- Data excerpt:
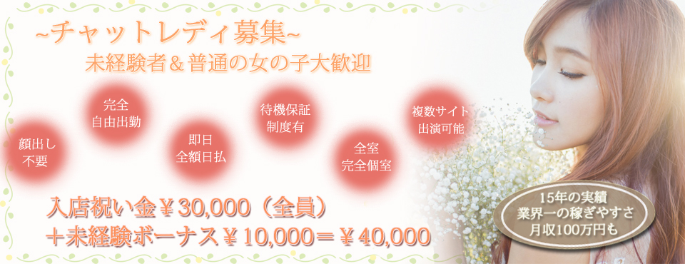 未経験者・パソコン初心者・他店&他業種で稼げなかった方歓迎♪入店祝い金3万円進呈♪未経験の方限定で更に1万円ボーナス♪面接交通費1,000円支給♪顔出し(選択自由)が心配な方は身元ばれなく稼がせます!お好きな食事&ドリンクも支給♪全く財布にお金がない方も安心してください♪
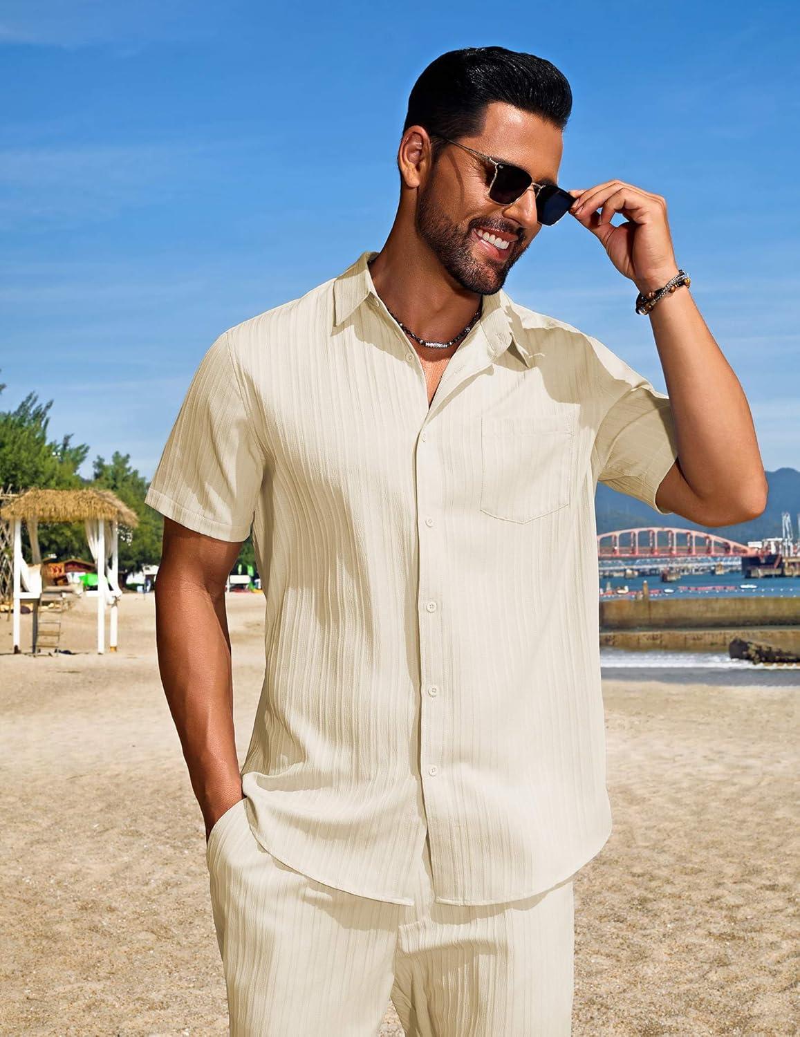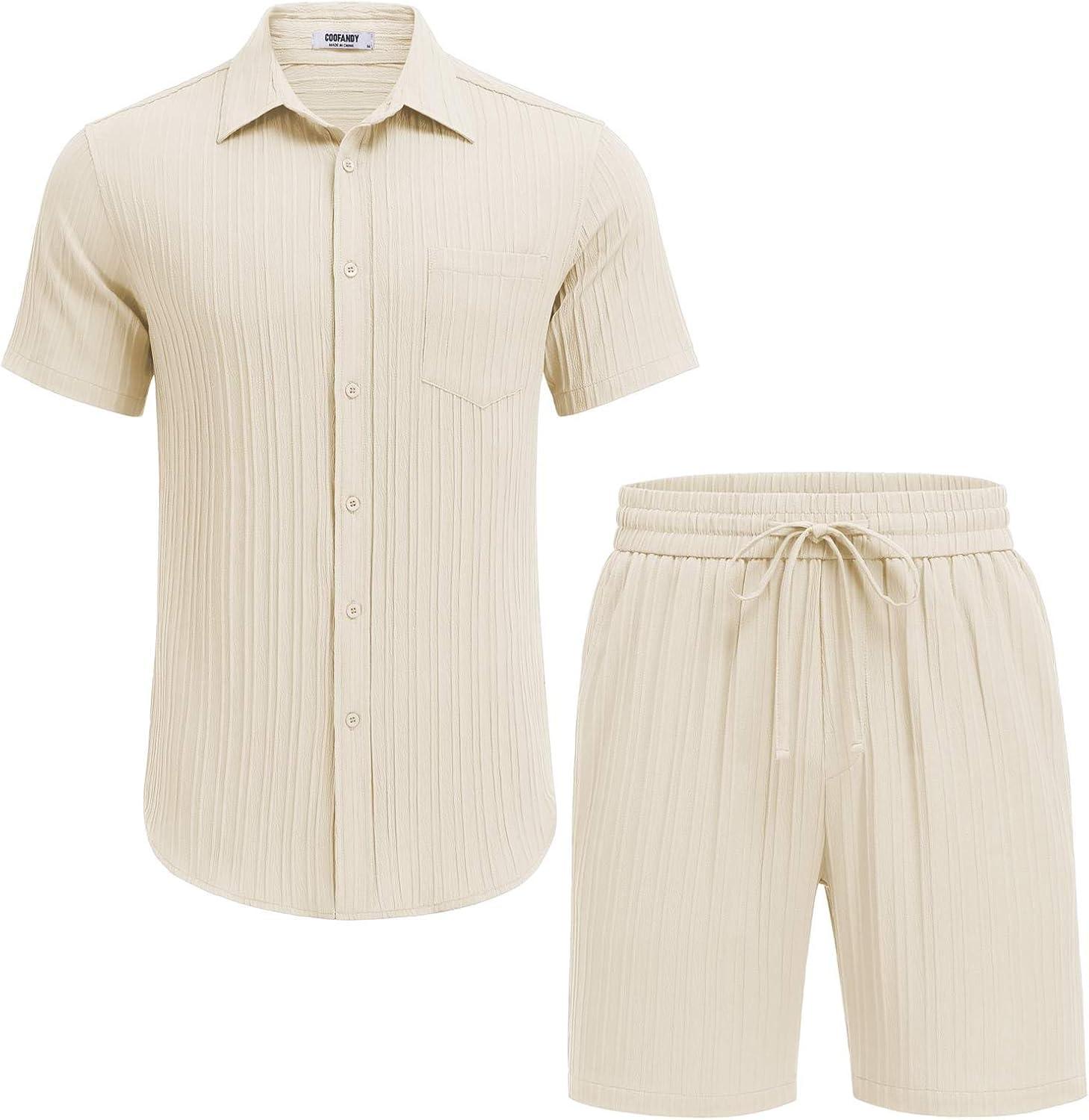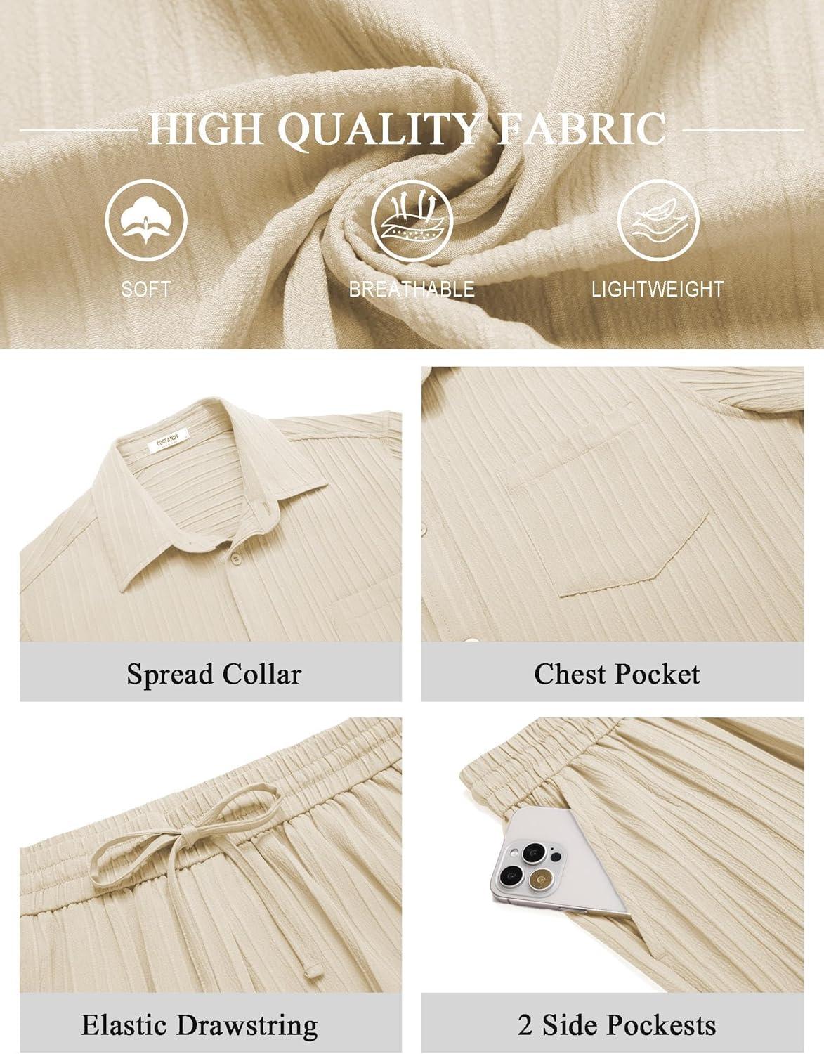 COOFANDY Mens Beach Outfits 2 Piece Sets Casual Short Sleeve Button Down Summer Textured Shirt(Beige)
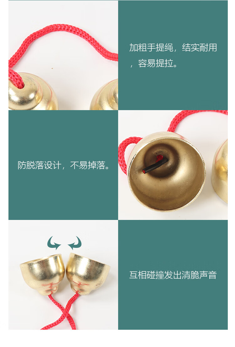Orff children's percussion instrument handle large and small bell bells kindergarten early education vocal practice teaching bell bell pure copper toys pure copper large handle bell bells pair (4.5cm)
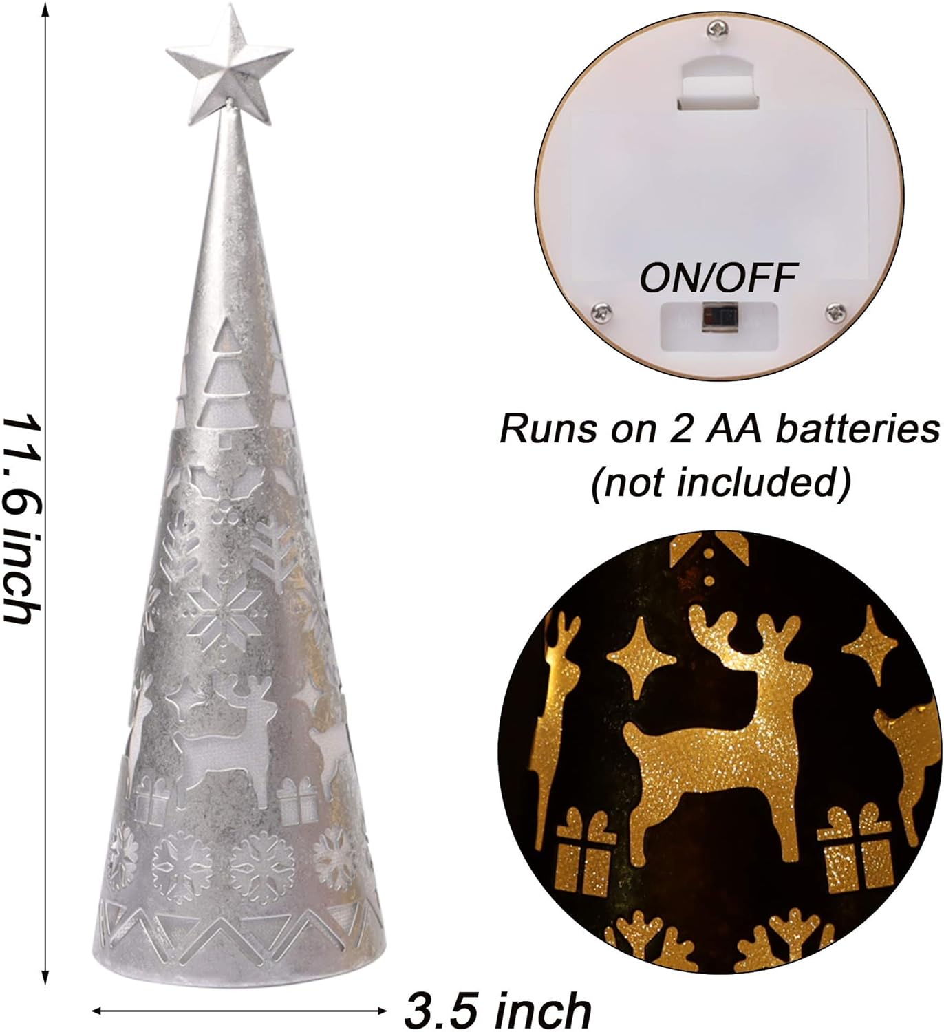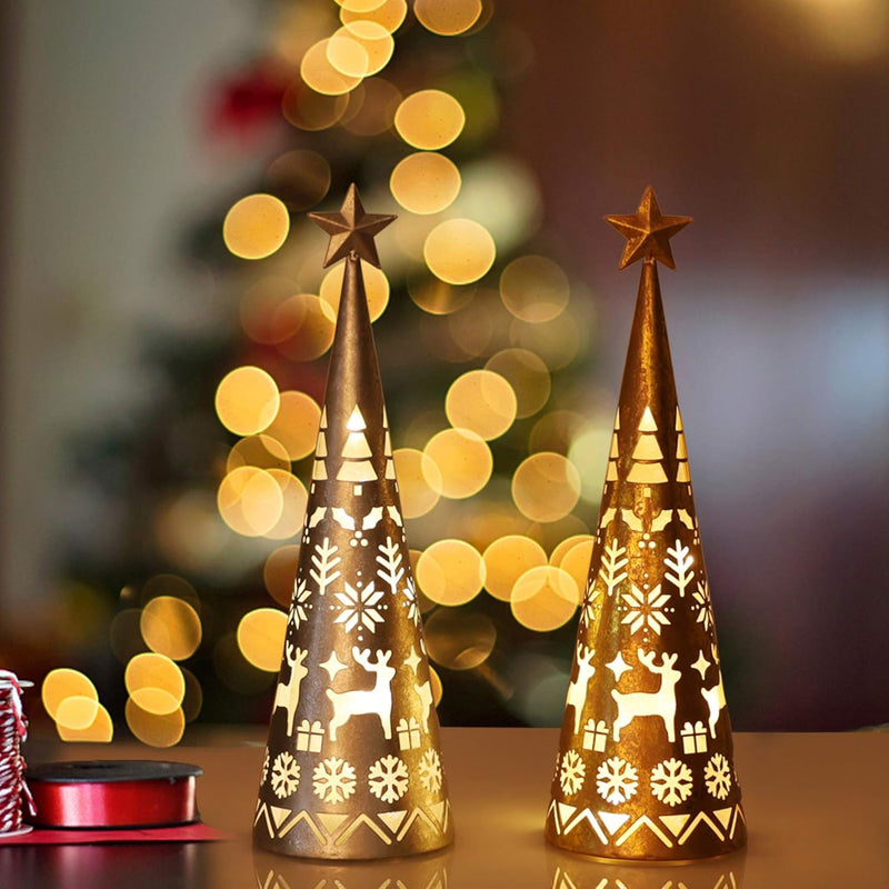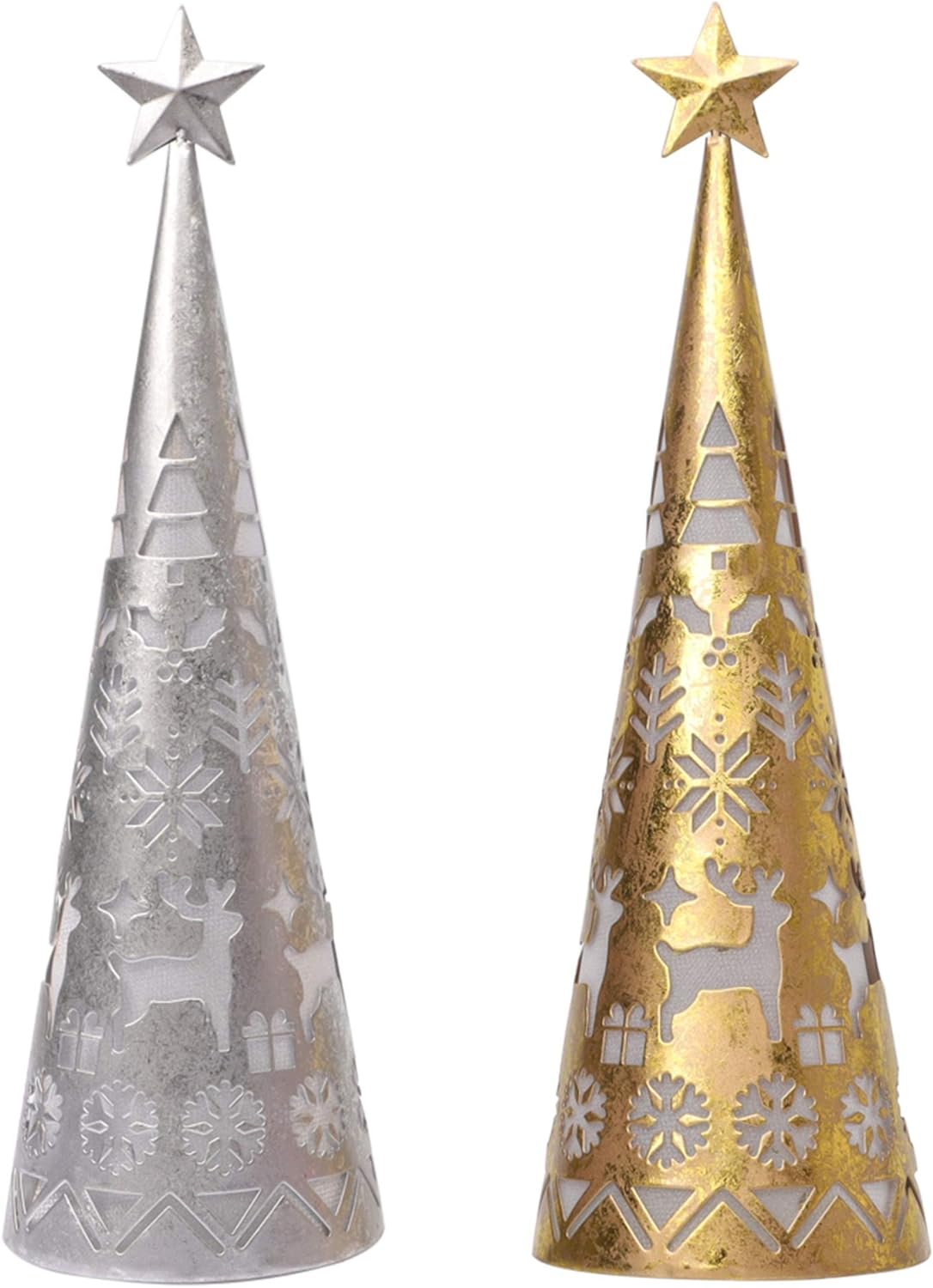 Verhoog de stijl van je feestdecoratie met de ShimmerCone LED Kegel Tafeldecoratie! Deze set van twee kegelvormige decoraties (in goud en zilver), met 10 warme LED-lampjes, voegt een vleugje verfijning toe aan elke kerst, bruiloft of feest. Dankzij de batterijvoeding zijn ze eenvoudig overal binnen te plaatsen, ideaal voor tafels, schoorsteenmantels of bureaus.

- Problem statement: Where pictures appear, skip them and transcribe all other material word for word.

- Response area:
 未経験者・パソコン初心者・他店&他業種で稼げなかった方歓迎♪入店祝い金3万円進呈♪未経験の方限定で更に1万円ボーナス♪面接交通費1,000円支給♪顔出し(選択自由)が心配な方は身元ばれなく稼がせます!お好きな食事&ドリンクも支給♪全く財布にお金がない方も安心してください♪
 COOFANDY Mens Beach Outfits 2 Piece Sets Casual Short Sleeve Button Down Summer Textured Shirt(Beige)
Orff children's percussion instrument handle large and small bell bells kindergarten early education vocal practice teaching bell bell pure copper toys pure copper large handle bell bells pair (4.5cm)
 Verhoog de stijl van je feestdecoratie met de ShimmerCone LED Kegel Tafeldecoratie! Deze set van twee kegelvormige decoraties (in goud en zilver), met 10 warme LED-lampjes, voegt een vleugje verfijning toe aan elke kerst, bruiloft of feest. Dankzij de batterijvoeding zijn ze eenvoudig overal binnen te plaatsen, ideaal voor tafels, schoorsteenmantels of bureaus.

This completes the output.